I don’t feel like people leave I watch them go my best friend of 10 years who is like a brother to me doesn’t even talk to me anymore because his girlfriend doesn’t like me. And I’ve dealt with pain and loneliness and one of them is much easier to handle than the other for me anyway. And I don’t want to give up on this person but it just doesn’t feel like they are as into it as I am.

MsGelfling1 profile image
MsGelfling1

My question, exactly. My hubby left when I first was diagnosed with MS because he couldn't stand to see me suffer. Liar. I wish I could be there for you, and you there for me. I don't trust anyone either.

thatjuanguy profile image
thatjuanguy in reply to MsGelfling1

I’m sorry to hear that he should have wanted be there for you and if he really didn’t want you to suffer he wouldn’t have left because I know that was probably worse than the MS

ReardenSt33l profile image
ReardenSt33l

Wowow I deal with the same things. I forgot what being in a relationship was like because I’ve been (purposefully) out of the dating game for the past 2 years. I recently started seeing someone and I’m overthinking every little detail. When we see each-other in person everything is great and I’m really happy, but then when we aren’t together I overthink every text and wonder if he’s seeing someone else at any given moment.

My advice to you is to turn your phone off (if possible). Yesterday I turned my phone off for 12 hours and I felt so relieved - my thoughts were more calm and I wasn’t thinking so much. Also, more importantly, is to keep an open dialogue with the other person. Let them know what you deal with and how their actions (or lack of actions) may negatively affect you.

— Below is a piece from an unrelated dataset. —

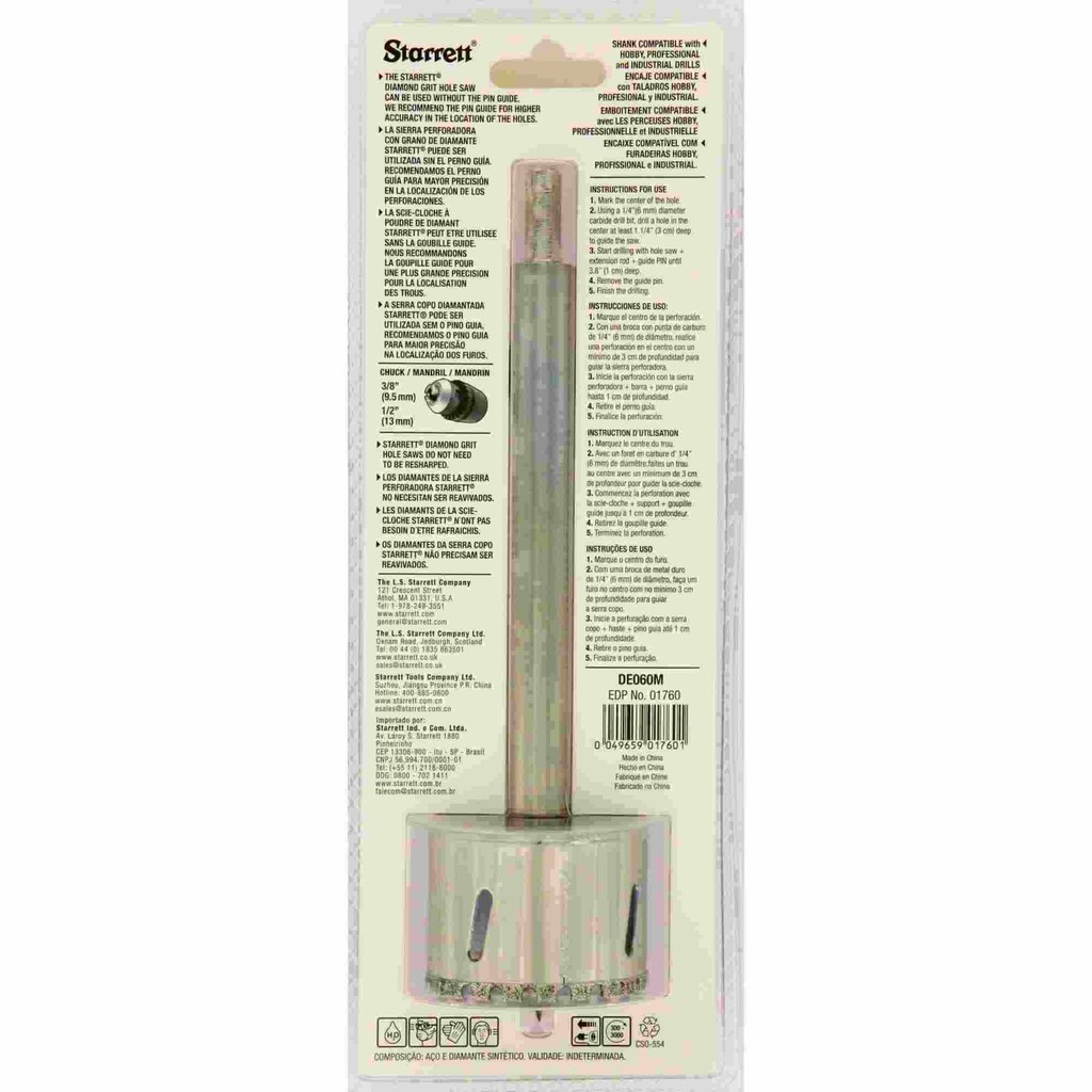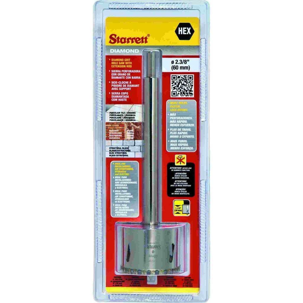 Serra Copo Diamantada 60mm Starrett Alvenaria Cerâmica DE060M

Please let me know if either of these tactics help you or are useful :)

thatjuanguy profile image
thatjuanguy in reply to ReardenSt33l

I see your 2 years and raise you 5 more. Lol and it’s exactly like that we were together it’s perfect but I don’t see her often be cause she cancels more plans than she follows through with and that sucks more and more every time. Talking about sounds like a good idea though I’m not good at talking especially about my issues

ReardenSt33l profile image
ReardenSt33l in reply to thatjuanguy

I really wish you the best man! I totally forgot how difficult relationships are.

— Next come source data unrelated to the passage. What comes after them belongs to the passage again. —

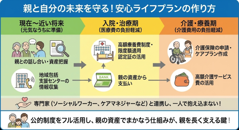 結論から言えば、「親の介護費用は、親の資産で賄う」のが鉄則です。そして、それを実現するための公的制度や、費用を抑える具体的な手続きが日本には用意されています。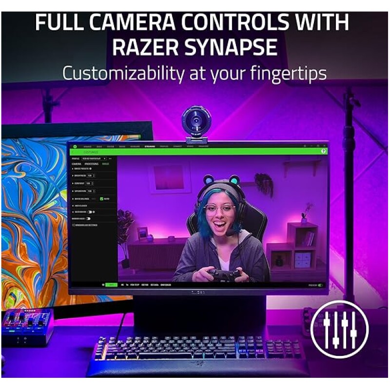 • Wide-angle lens with adjustable FOV to control how much to capture for your audience. Find the right amount of visual space you need to display your showmanship, with a large aperture, wide-angle lens that allows for three field-of-view options selectable via Razer Synapse.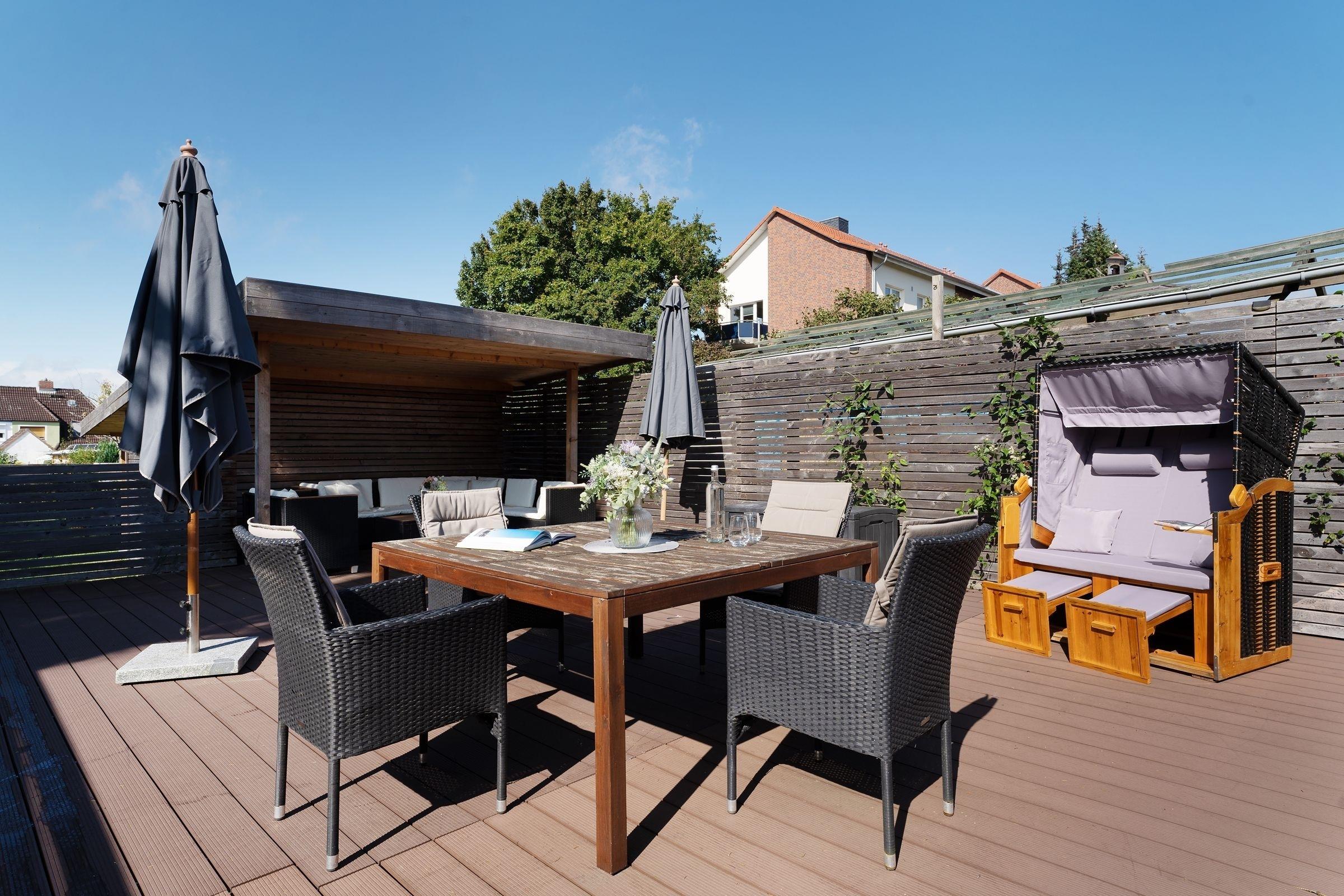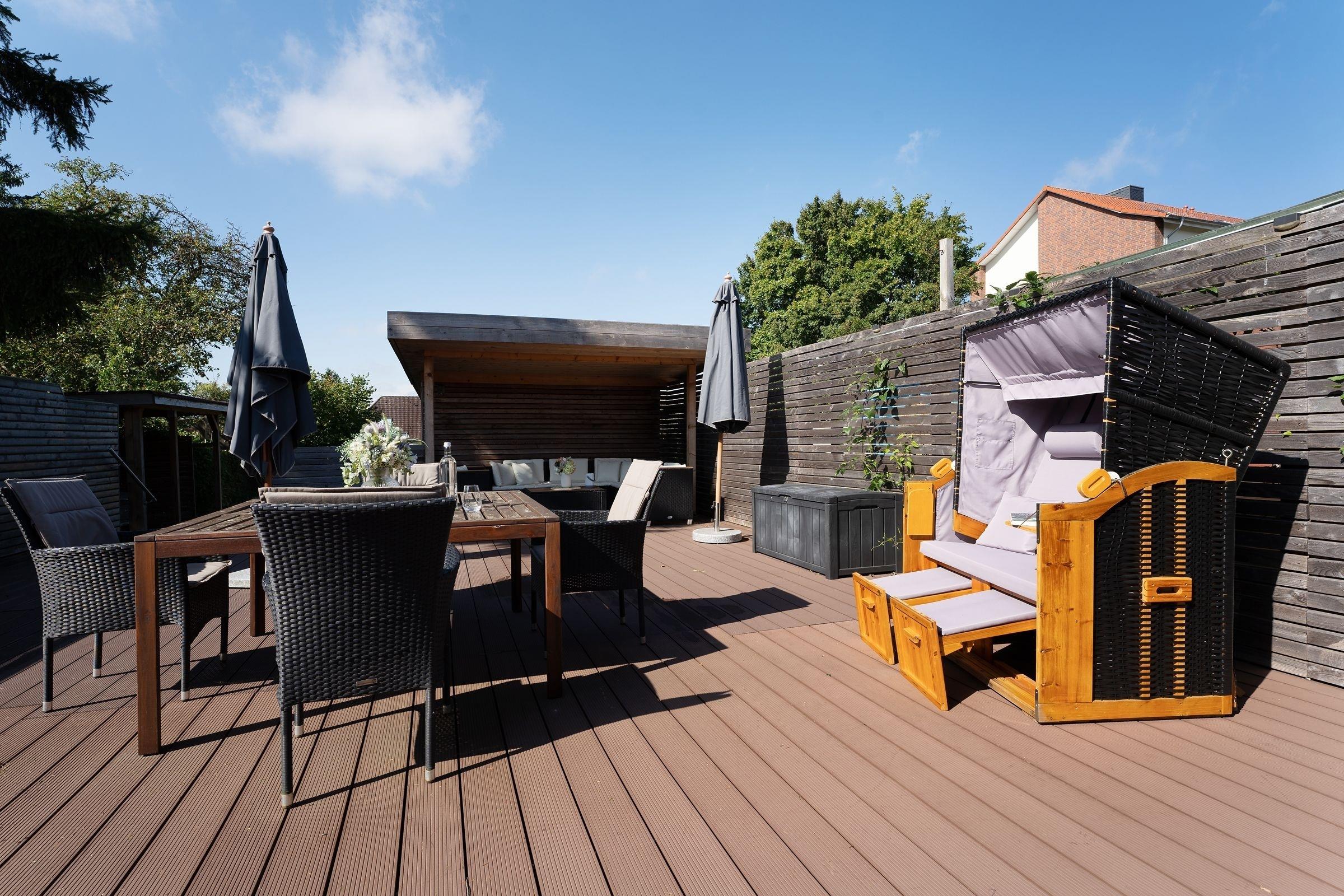 Die große Holzterrasse mit Gartenmöbeln, Sonnenschirm, Strandkorb sowie exklusiven Lounge-Möbeln ist das absolute Highlight dieser wunderschönen Ferienunterkunft und der perfekte Ort, um einen ereignisreichen Urlaubstag mit einem Glas Wein ausklingen zu lassen. Über wenige Stufen von der Terrasse hinab erreichen Sie den eigenen Garten, der zu genussvollen Grillabenden einlädt.
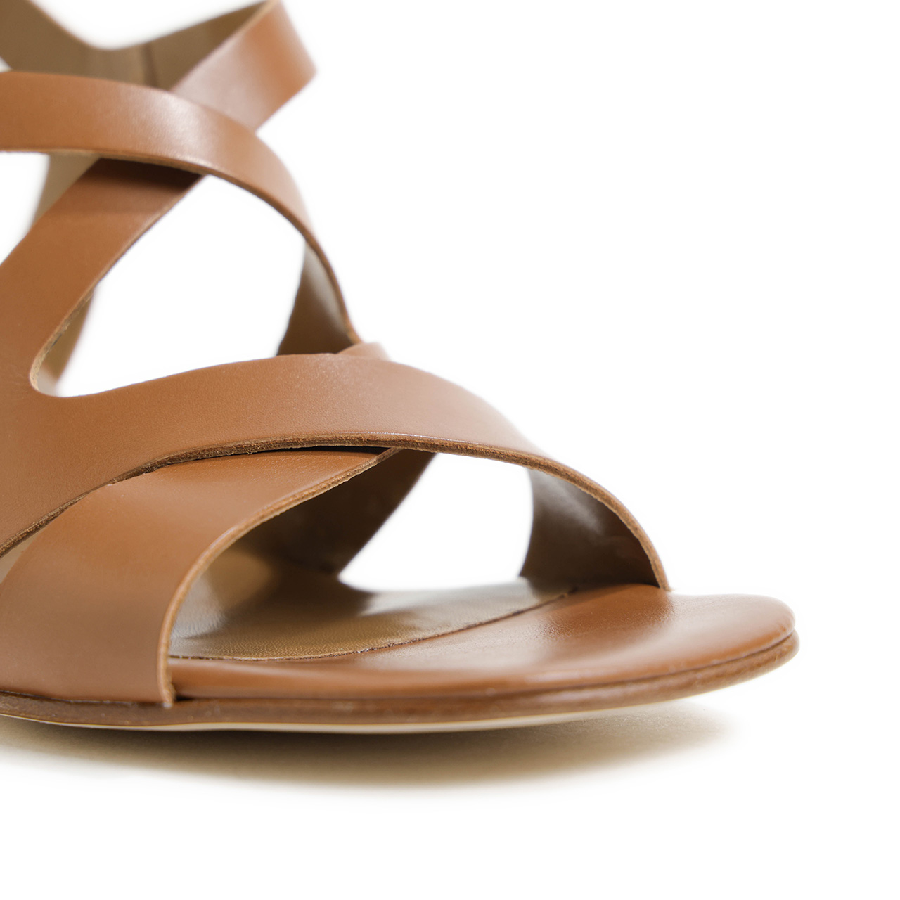 前足部、中足部、そしてバックストラップとクロスしながらしっかりと押さえてくれるストラップデザインのこちら。肌見せ具合も絶妙で、大人の女性が求める要素をしっかりととらえた一足に仕上がっています。。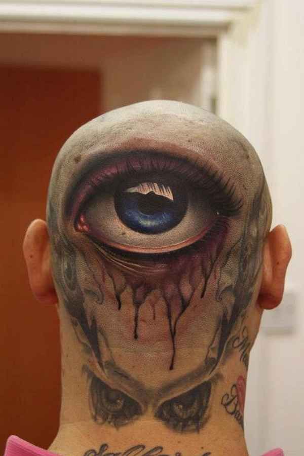 9. Страшный клоун 3d тату на голове. Эта 3d татуировка на голове выглядит безумно.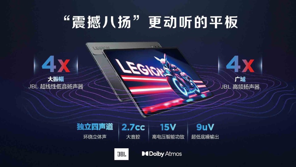 在聯想悅聲科技加持下,Y900通過八枚特殊調校的JBL揚聲器——4個超線性低音單元和4個超寬頻高音單元組合,使低音更渾厚,高音更透徹。同時適配了愛奇藝、優酷、嗶哩嗶哩等主流視訊平臺APP的最高畫質。Y900還支援杜比視界和杜比全景聲,讓畫面更精緻鮮活,聲音更真實沉浸,Y900致力於打造平板電腦影音體驗新標杆。

But being open is your best best. My best relationship was built off of open discussions and I was finally able to trust the other person.

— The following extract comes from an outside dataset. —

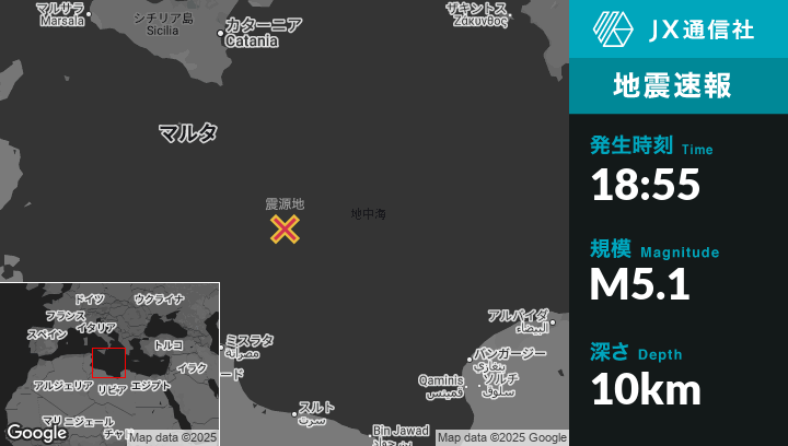 | 震源地 | マルタのBirżebbuġaから南東229kmの地点 |

ReardenSt33l profile image
ReardenSt33l in reply to thatjuanguy

Also, if you need to vent to a stranger, feel free to pm me.

SummerW profile image
SummerW

I'm sorry that you're having a hard time. I definitely understand the struggle with trust. I just heard something the other day that has stuck with me..."When I say that I don't trust anyone, what I'm really saying is that I don't trust myself to be able to handle whatever they might do to hurt me." People are going to mess up. They are going to disappoint and hurt us and we will, too. We have to have the tools to handle it when it does happen. It helps me to know that even though it hurt so much, I did survive. I did handle it and I'm a little stronger now. I write in a notebook a lot. It helps me get thoughts out of my head and onto paper so I can process them. Maybe that would help you sort through the conflicting thoughts that you're having. I hope you're having a better day.

thatjuanguy profile image
thatjuanguy in reply to SummerW

And that’s the problem I really don’t trust myself if this goes bad especially if it goes the same way again I just wait for disappointment and hurt I expect it from everybody and I can and have pushed through a lot things but relationships gone bad are different I don’t know I don’t like a lot people to begin with so when I find people I actually like especially dating wise I get too attached.